You can also submit errors by going to the Amazon detail page for that Kindle eBook. Scroll down to the bottom of the page and click on the link next to "Would you like to report poor quality or formatting in this book?"[/quote]


----------



## Brad Murgen (Oct 17, 2011)

I have noticed this in a few recent Kindle books, particularly old books that are out of print and have to be scanned from hardback or something.  Many publishers seem to outsource the conversion and don't do enough copyediting afterwards.


----------



## Ann in Arlington (Oct 27, 2008)

eamc said:


> Yes, Amazon says you highlight the error, and then go to MORE on MENU and report the error, but no MORE appears for me. I have asked them and they will answer. How do you suggest reporting on the bottom of each page?
> 
> They also say you can go to the DETAIL PAGE for a book and report. How do I get to the DETAIL PAGE?


They're talking about the product page for the book on Amazon. Scroll nearly all the way to the bottom and you'll see a section for feedback.

I didn't know about reporting directly via Kindle for PC and Mac, though. . . .that might be new.


----------



## Steverino (Jan 5, 2011)

DawnB said:


> I emailed the author to let him know of the errors (he was very grateful). Hopefully the book will get fixed soon.


Any indie author would be grateful for such an email. The problem for authors is finding the darn invisible typos -- if you email the author, he or she can fix it, upload a new version in a few hours, and be your friend for life.


----------



## Tony Richards (Jul 6, 2011)

There's been a lot of this, and the real problem is publishers rushing to take advantage of the ebook boom and not being careful enough with their product. It really is shoddy of them, and even if you can get a refund from Amazon, you ought to complain to the publishers as well, since that's the only way to change this situation. They're making enough income from their ebook sales that it won't hurt them to hire an at-home copy-editor or two.


----------



## Darlene Jones (Nov 1, 2011)

ebooks aren't the only ones with mistakes. I find it even more disturbing when a print book from a major publishing company has errors. For example "even" instead of "ever." Or a major character sick in his hotel room and not going on the tour and then on the next page he's on the bus with the rest of the group. Where are the editors?


----------



## Carol (was Dara) (Feb 19, 2011)

Most of the cases I'm seeing aren't author errors. They're obviously problems at the publisher's end that occurred during ebook formatting, making it clear the ebook files aren't being checked before uploading.


----------



## LilianaHart (Jun 20, 2011)

Okay, I've got to say something here, even though I'll probably get tomatoes thrown at me. There are going to be typos in every book you buy. Every. One. It doesn't matter if they're trad or indie.
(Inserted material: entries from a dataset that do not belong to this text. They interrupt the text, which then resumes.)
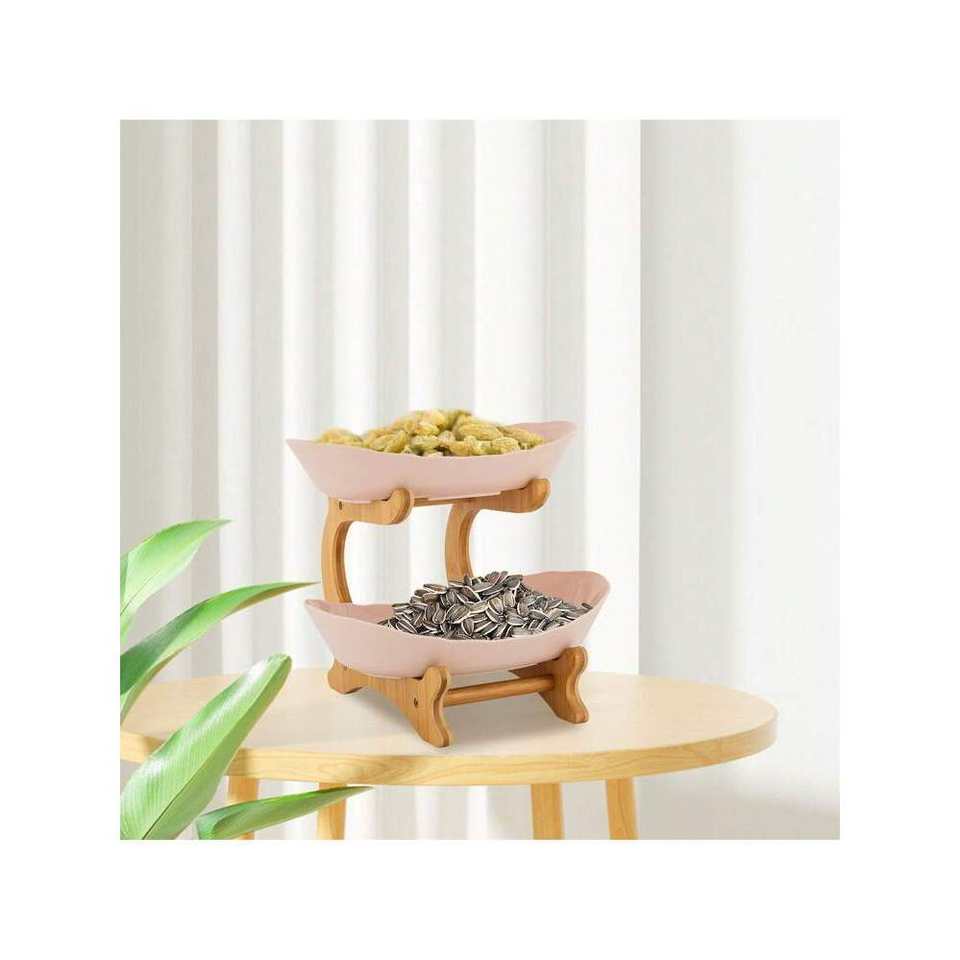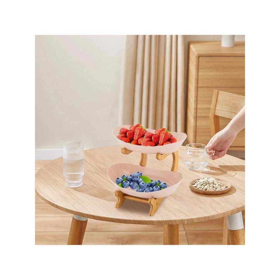Bandeja multifuncional para servir frutas de 2 niveles, cuenco de 2 capas de diseño abierto para aperitivos, soporte para cesta de frutas de mesa de Material PP
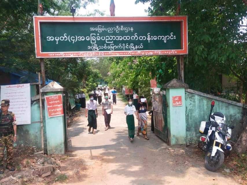ရန်ကုန်တိုင်းဒေသကြီး၊ အရှေ့ပိုင်းခရိုင်၊ ဒဂုံမြို့သစ်(မြောက်ပိုင်း)မြို့နယ်တွင် ၂၀၂၂ ခုနှစ် တက္ကသိုလ်ဝင်စာမေးပွဲကို ကျောင်းသား/ကျောင်းသူများမှ ယနေ့ နံနက် (၉) နာရီအချိန်က စတင်၍ နေ့လည်၁၂ နာရီထိ သမိုင်းဘာသာရပ်ကို ဖြေဆို လျက်ရှိကြောင်း သိရသည်။
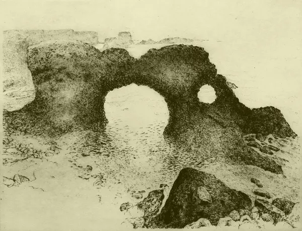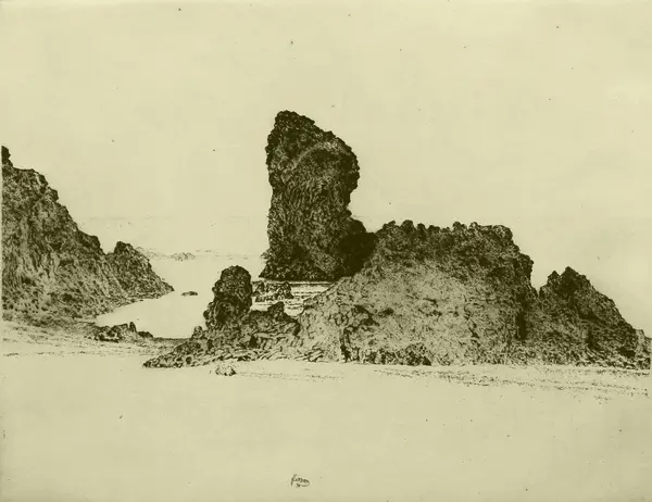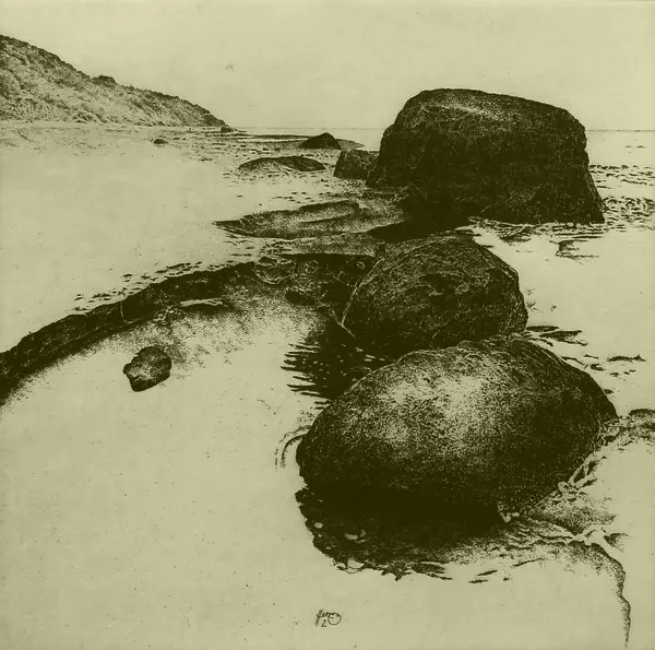 Walter Herzog, Radierung, Steinstrand, 1987, Bildformat 27,3 x 29,6 cm, Papierformat 39,5 x 36,0 cm
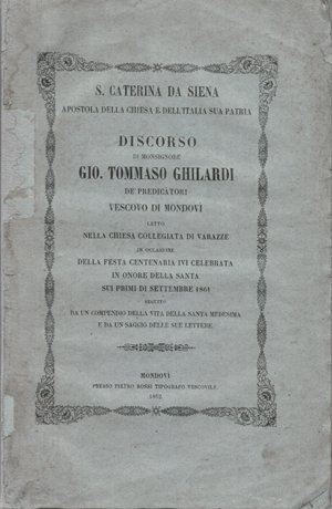 176 p. ; 24 cm. In copertina: “Discorso . letto nella chiesa colleggiata di Varazze in occasione della festa centenaria ivi celebrata in onore della Santa sui primi di settembre 1861.” Brossura coeva (ultima copertina e dorso rifatto). Timbro con numero (cancellato e riscritto). Buono. ****
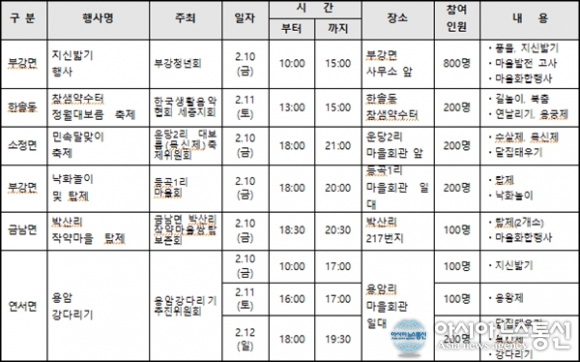부강면사무소 앞마당에서 오전 10시부터 지신밟기 행사가 열리고 오후 6시부터 소정면 운당2리 마을회관에서 민속달맞이 축제가 열린다.
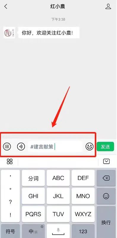 4.点击消息底部的对话框写#建言献策+您的意见建议,然后点击发送,我们就可以收到
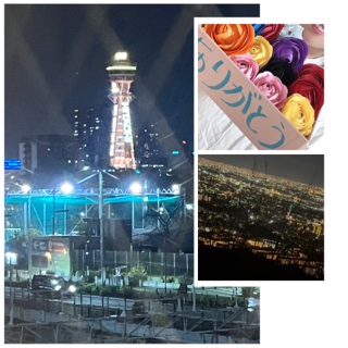 今日の写メは、手作りのお花と通天閣です

I can't tell you how many sets of eyes look at the books that go out to readers, and still there are going to be typos. They go through beta reads, initial edits, line edits (sometimes two or three times) and copy edits. When your average book is 100,000 words, there is bound to be one or two of them that are wrong. It's not that publishers are taking short cuts or that indies (at least the professional ones) are cutting corners. It's just that the whole process is run by humans. Who are not perfect. Instead of demanding money back or being dissatisfied, just send a nice email to the publisher and let them know. They don't want to have errors in their books any more than you want them to be there. And if it happens to be an ebook formatting error, please don't skewer the author in a review. It's not their fault. It's the publisher's fault. Just let the publisher know and let Amazon know. It'll get taken care of. Authors are people too, and we have feelings (just sayin').
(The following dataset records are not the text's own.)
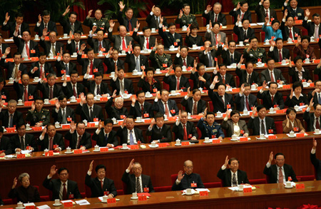 Delegates raise their hands to cast votes for a resolution on the Central Commission for Discipline Inspection's work report at the Great Hall of the People in Beijing October 21, 2007. The conference elected a new central leadership for the Party and endorsed a political declaration to chart the country's development. [newsphoto]
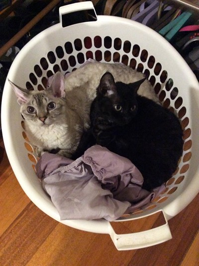 Happy at home with her brother George
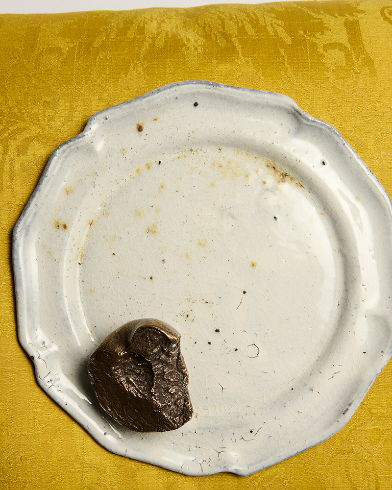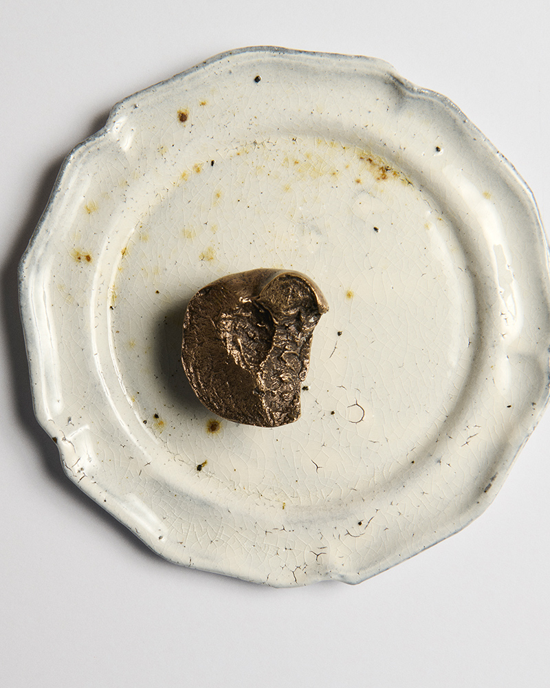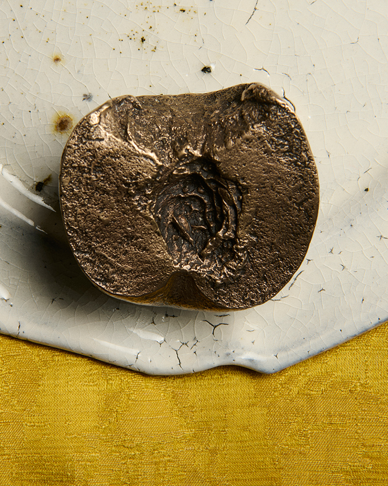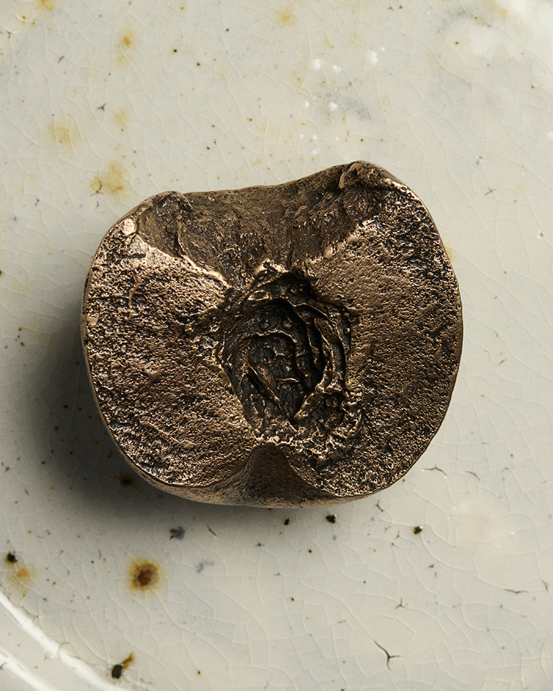 The idea came from Jonathan Anderson and Luca Guadagnino. The inspiration is a single, memorable scene from Guadagnino’s film, Call Me By Your Name. The object itself is straightforward in its origin. Each paperweight begins with a whole, real peach. A mold is made from the fruit. Molten bronze is poured into that mold.

Okay...that is all. Please make sure your tomatoes are soft and squishy so they don't hurt.


----------



## normcowie (Jun 21, 2011)

A lot of good points here. You can always express your displeasure by giving the book a stinging rating. Everyone pays attention to ratings.


----------



## Ann in Arlington (Oct 27, 2008)

Liliana, your point is well made. . .but I don't think people here are too worried about the 'one-off' typo. As you say, they've been around for years.

What is concerning to many, however, is that they seem to be getting more frequent -- indicating somewhat less care taken -- and/or they're not just one-off's any more. That, of course, could just be perception -- I'm probably more aware now where as, previously, I'd probably have not really taken great notice unless the error is particularly egregious. I don't go _looking_ for errors, but if I keep finding similar ones in the same book it kind of raises a flag.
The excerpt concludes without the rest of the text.